> Does this translate into a similar reduction in compute?

No, quite the opposite actually. Like with speculative decoding this model will compute more tokens and discard the invalid ones.

> What's the catch?

LLMs[1] are limited by memory latency and not by compute[2]: because they process tokens one at a time, you spend more time loading and unloading the weights on the GPU registers from VRAM than waiting for compute to happen. Techniques like these allow to process multiple tokens in parallel instead of one by one, and as such exploit better the compute of your graphic card. They do so by predicting which tokens are likely to occur and then verifying that the guess was correct.

For instance if the previous token is “hello”.

A regular autoregressive LLM will compute:

“hello” => “! ”,

then “hello! ” => “how ”,

“hello! how ” => “are ”,

“hello! how are ” => “you”.

and finally “hello! how are you” => “?<end>”

One at a time. Loading and unloading every weights 5 times from the GPU memory to its compute units.

With speculative decoding (I'd say this one isn't strictly speculative decoding, but it's a variant of the same principle), you have something that guesses that the whole sentence is going to be “how are you today?”, so the LLM can generate

“hello” => “! ”,

“hello! ” => “how ”,

“hello! how ” => “are ”,

“hello! how are ” => “you”.

“hello! how are you” => “?<end>”

“hello! how are you today” => “?<end>”

In parallel. So each weight would have been loaded only once from the VRAM instead of 5.

The last token will be discarded though, as the prefix “how are you today” doesn't match what has actually been generated. So in that particular example, you'd have gotten your 5 tokens 5 times faster than with pure autoregressive inference, but at the expense of a 6th token being generated and discarded immediately. So 5 times more token throughtput, but 20% compute cost increase per token.

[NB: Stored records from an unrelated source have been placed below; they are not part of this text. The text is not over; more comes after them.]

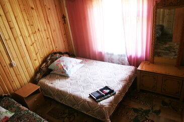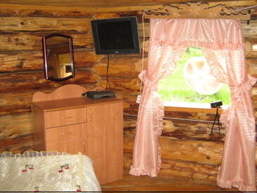 - Одна двуспальная кровати, печь, умывальник, зеркало, прикроватные тумбочки, столик.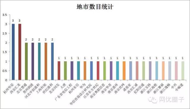 网优公司中标地市分析:(浙江、江苏、江西省的中标网优公司均示为1个地市的方式统计)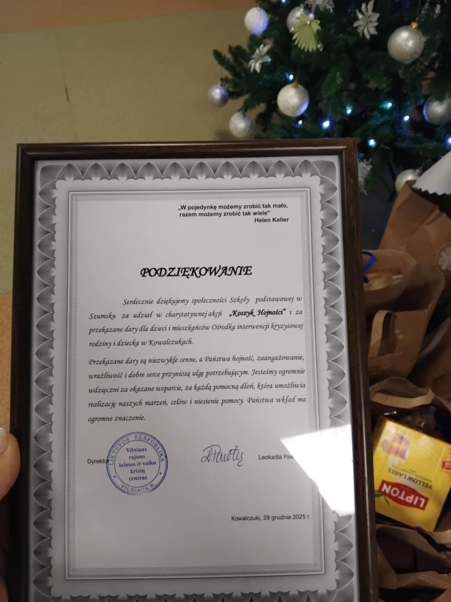 Šumsko pagrindinė mokykla dalyvavo akcijoje „Dosnumo krepšelis“, kurios metu surinkta parama buvo perduota Vilniaus r. Šeimos ir vaiko krizių centrui. Iniciatyva sulaukė teigiamo įvertinimo – mokykla gavo padėką už parodytą bendruomeniškumą ir socialinį atsakingumą.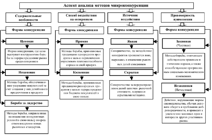 Особенность микроконкуренции – множество приёмов, применяемых соперниками для достижения своих целей. Эти приёмы суть формы, посредством которых ведётся борьба на микроуровне конкуренции. Их многообразие может быть подвергнуто группировке (типологии) на основе общности, присущей отдельным приёмам. Каждый приём борьбы можно определить как метод конкуренции, а совокупность методов, объединенную одним типологическим признаком, – как форму конкуренции. Типология оправдана, так как позволяет 1) упростить анализ, 2) выделить качественные различия среди методов, 3) вскрыть специфику влияния каждой формы на подсистему.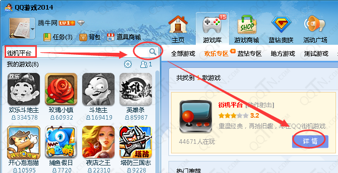 安装QQ游戏大厅,开启后在搜索框中输入“街机平台”,在右边的结果栏中会显示“街机平台”,点击查看“详情”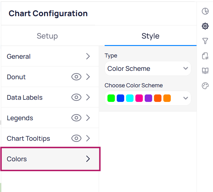Click on the specific widget you want to customize to open the Chart Configuration menu.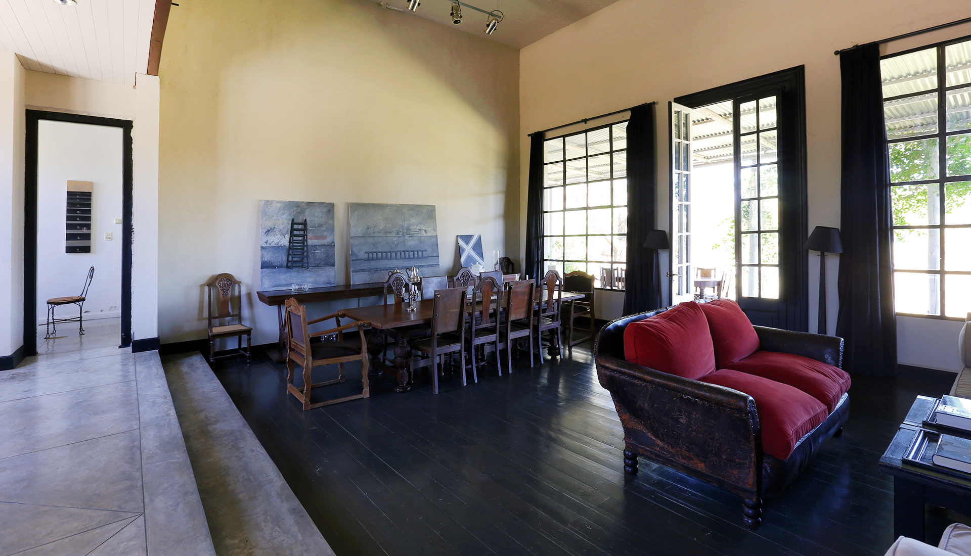 Es importante destacar que los ambientes tienen techos muy altos, de cuatro metros y medio en living, comedor y hall de entrada. Las aberturas de tres metros de altura fueron compradas a la empresa que demolió la casa de sus abuelos, una de las ultimas emblemáticas de Pocitos. Esta condicionante es significante a los efectos de proyecto, logrando ambientes muy generosos en las tres dimensiones.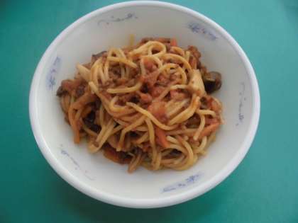 スパゲティのミートソース煮・ほうれんそうのソティ・みかん

[1]: autoregressive LLMs, that is. Which are the ones everybody uses because they are the most performant.

[2]: at least when run at low batch size, on your own computer for your personal use. On a datacenter, with many concurrent users, GPUs are actually compute-bound.

▲

kreelman an hour ago | parent [-]

Fantastic results. Well done. ...So this is built into the way the model works.. if I'm understanding it correctly.

I was wondering what would be involved in getting it to work with GGUF files, rather than safetensor files...

	▲	dot_treo an hour ago \| parent [-]
		Just to get it into a GGUF file would be fairly trivial. But using that GGUF file would need a bunch of additional things. One would need to create a new architecture derived from Qwen3, and then probably adapt the speculative decoding functionality. At the moment not even MTP is merged into llama.cpp, so I wouldn't quite hold my breath for it.